Now, Heptig and his peers at San Luis Obispo County Parks & Recreation, which owns and manages Dairy Creek, are working on a master plan for the regional park, including the golf course. They hope to introduce the plan this summer.

“Josh obviously is the leader of the master plan. We’re looking at what we can do for golf, what alternatives we may have,” says Nick Franco, parks director for San Luis Obispo County Parks & Recreation. “We’re looking at different ways to attract users. We’re committed to it. Golf will be a core function of this facility.”

Golf course architect Andy Staples of Staples Golf has a contract to help guide the project. Staples, who in 2015 received a trademark for the phrase “Community Links,” oversaw the renovation and institution of Community Links at Rockwind Community Links in Hobbs, N.M. The idea is to explore revenue streams other than green fees, such as expanding facilities to increase use by non-golfers, and maximizing the efficient use of water, energy and fuel.

“This is an opportunity in a highly populated part of the country. I’m excited,” says Staples. “Josh is your top-end, high-end superintendent in a municipal setting. To me, he’s probably got to be one of the more educated and business-oriented minds of any superintendent I’ve ever worked with.”
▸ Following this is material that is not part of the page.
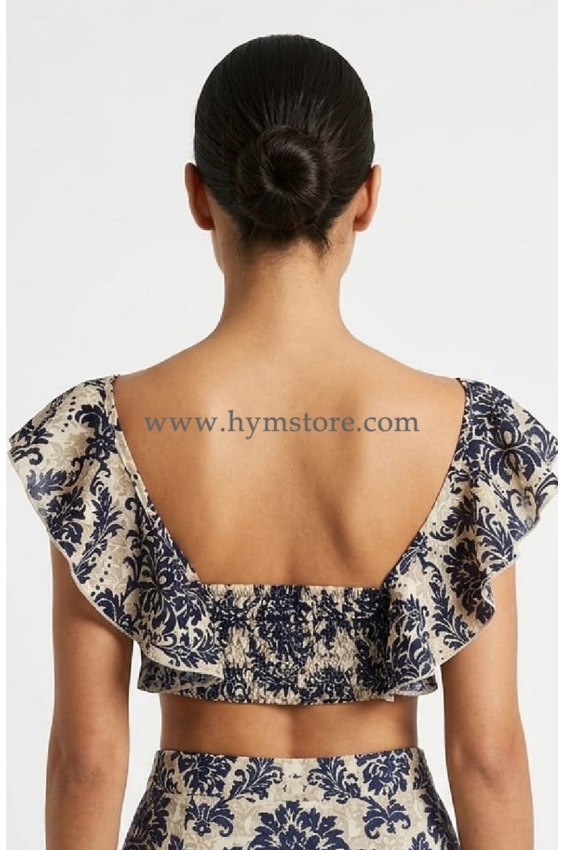 Hermosa blusa corta de hombros descubiertos, fruncida en la espalda y con hermoso estampado bohemio.

Heptig has a realistic yet optimistic view of what comes next. “It’s not an easy path, but we want to provide something that excites people about the game of golf,” he says. “We want to be able to offer affordable golf and provide a fun, enjoyable experience.”


President’s Award winners

GCSAA’s President’s Award for Environmental Stewardship was established in 1991 to celebrate exceptional environmental contributions to the game of golf — contributions that exemplify the superintendent’s image as a steward of the land.

1991: Cape Cod Study participants: Bass River Country Club, Eastward Ho! Golf Club, Falmouth Country Club, Hyannisport Club
1993: Audubon Cooperative Sanctuary Program: Audubon Society of New York State (administrator), USGA (sponsor)
1995: William Timothy Hiers, CGCS
1996: USGA Environmental Research Program
1997: Michael J. Hurdzan, Ph.D.
1998: Joseph J. O’Brien, CAE
1999: Edward (Ted) C. Horton
2000: Thomas L. Watschke, Ph.D.
2001: Michigan Turfgrass Environmental Stewardship Program
2002: Environmental Management Resource Manual, Canadian Golf Superintendents Association
2003: Center for Resource Management
2004: Jeffrey L. Gullikson, CGCS
2005: Stephen A. Kealy, CGCS; Peter Lund, CGCS; Oregon GCSA
2006: Golf in Colorado: An Independent Study of the 2002 Economic Impact and Environmental Aspects of Golf in Colorado
2007: Pinehurst (N.C.) Resort
2008: Jeff Carlson, CGCS
2009: Dan Dinelli, CGCS
2010: Anthony Williams, CGCS
2011: Dean Graves, CGCS
2012: David Phipps
2013: Matthew Ceplo, CGCS
2014: Roger Stewart, CGCS
2015: Paul L. Carter, CGCS
2016: Peter McDonough
2017: Josh Heptig


Howard Richman is GCM’s associate editor.